(Information shown)
◆ ◆ ◆
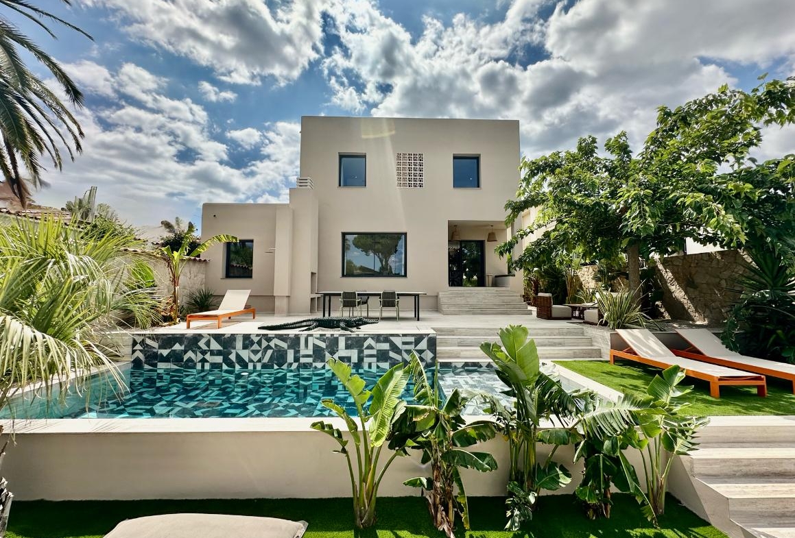 La casa cuenta con un diseño exclusivo que combina estética moderna y funcionalidad, creando un espacio único y sofisticado. Tiene un total de 4 habitaciones y 4 baños, brindando espacio y privacidad para toda la familia o invitados. En la planta baja, encontrarás un amplio dormitorio con baño en suite, perfecto para invitados o como suite principal. El salón-comedor, con grandes ventanales, se abre directamente a la terraza, la piscina y el amarre, creando un espacio ideal para disfrutar del sol, el mar y momentos inolvidables.
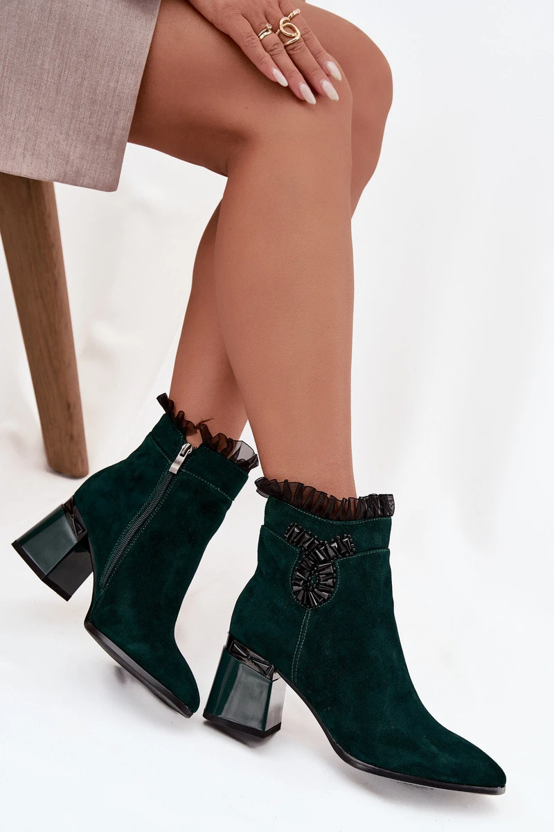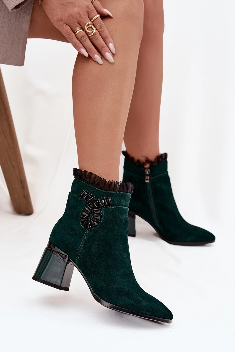 Boty jsou vyrobené z kvalitní přírodní semišové kůže, která je měkká, prodyšná a odolná. Stabilní sloupkový podpatek zajišťuje pohodlnou chůzi, zatímco zateplený vnitřek udržuje nohy v teple. Jemná ozdoba na svršku přidává botám elegantní akcent a podtrhuje jejich styl. Praktický boční zip usnadňuje obouvání a perfektně přizpůsobuje botu noze. Lahvově zelený odstín působí luxusně a snadno se kombinuje s různými outfity.
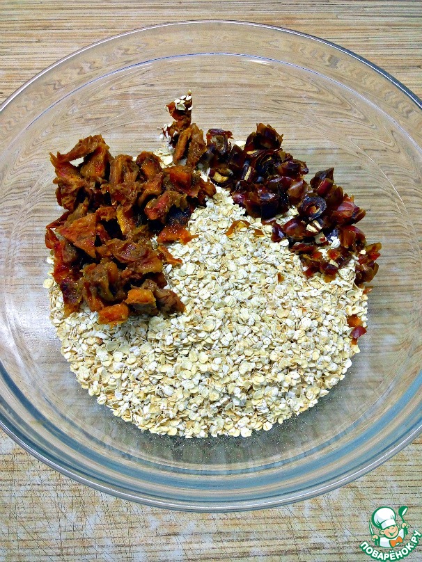 Отмерим нужное количество хлопьев, добавим порезанные сухофрукты. У меня финики и курага.
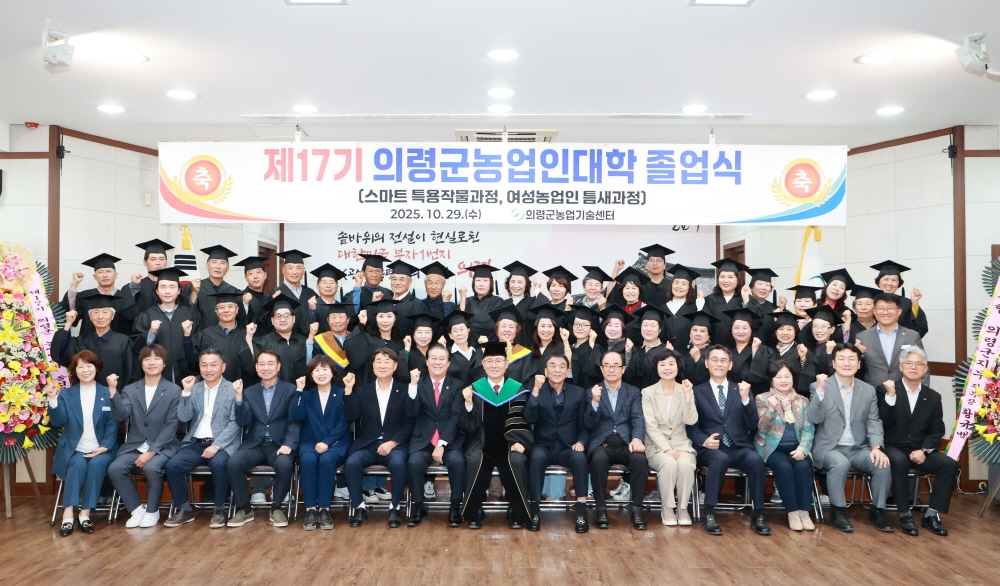 2개 과정에 총 52명 졸업생 배출 7개월간 100시간 학사 일정 마쳐 의령군은 지난달 29일 농업기술센터 3층 교육장에서 ‘제17기 의령군농업인대학 졸업식’을 개최했다고 1일 밝혔다. 이번 졸업식은 변화와 혁신을 선도할 전문 농업인력 양성을 목표로 추진된 교육과정의 결실을 맺는 자리였다. 올해로 제17회를 맞은 의령군농업인대학은 스마트 특용작물과정(24명), 여성농업인 틈새과정(28명) 등 2개 과정에서 총 52명의 졸업생을 배출했다. 지난 3월 25일 입학식을 시작으로 전공이론, 현장실습, 역량강화 교육 등을 포함해 약 7개월간 과정별 24회, 100시간의 학사 일정을 마쳤다. 이날 졸업식에서는 졸업생 전원에게 졸업증서가 수여됐으며, 김종갑 씨가 농촌진흥청장상을 받는 등 총 16명의 우수 졸업생이 수상의 영예를 안았다. 오태완 의령군농업인대학장은 “졸업생들이 배운 지식과 기술을 현장에 적극 활용해 의령농업의 지속가능한 발전을 이끌어주길 바란다”고 당부했다.
◆ ◆ ◆
(Work to be completed) This task calls for restating, word for word, each line from the line holding "Отмерим нужное количество" through the end of the material, pictures left out.

(Exercise solution)
 Отмерим нужное количество хлопьев, добавим порезанные сухофрукты. У меня финики и курага.
 2개 과정에 총 52명 졸업생 배출 7개월간 100시간 학사 일정 마쳐 의령군은 지난달 29일 농업기술센터 3층 교육장에서 ‘제17기 의령군농업인대학 졸업식’을 개최했다고 1일 밝혔다. 이번 졸업식은 변화와 혁신을 선도할 전문 농업인력 양성을 목표로 추진된 교육과정의 결실을 맺는 자리였다. 올해로 제17회를 맞은 의령군농업인대학은 스마트 특용작물과정(24명), 여성농업인 틈새과정(28명) 등 2개 과정에서 총 52명의 졸업생을 배출했다. 지난 3월 25일 입학식을 시작으로 전공이론, 현장실습, 역량강화 교육 등을 포함해 약 7개월간 과정별 24회, 100시간의 학사 일정을 마쳤다. 이날 졸업식에서는 졸업생 전원에게 졸업증서가 수여됐으며, 김종갑 씨가 농촌진흥청장상을 받는 등 총 16명의 우수 졸업생이 수상의 영예를 안았다. 오태완 의령군농업인대학장은 “졸업생들이 배운 지식과 기술을 현장에 적극 활용해 의령농업의 지속가능한 발전을 이끌어주길 바란다”고 당부했다.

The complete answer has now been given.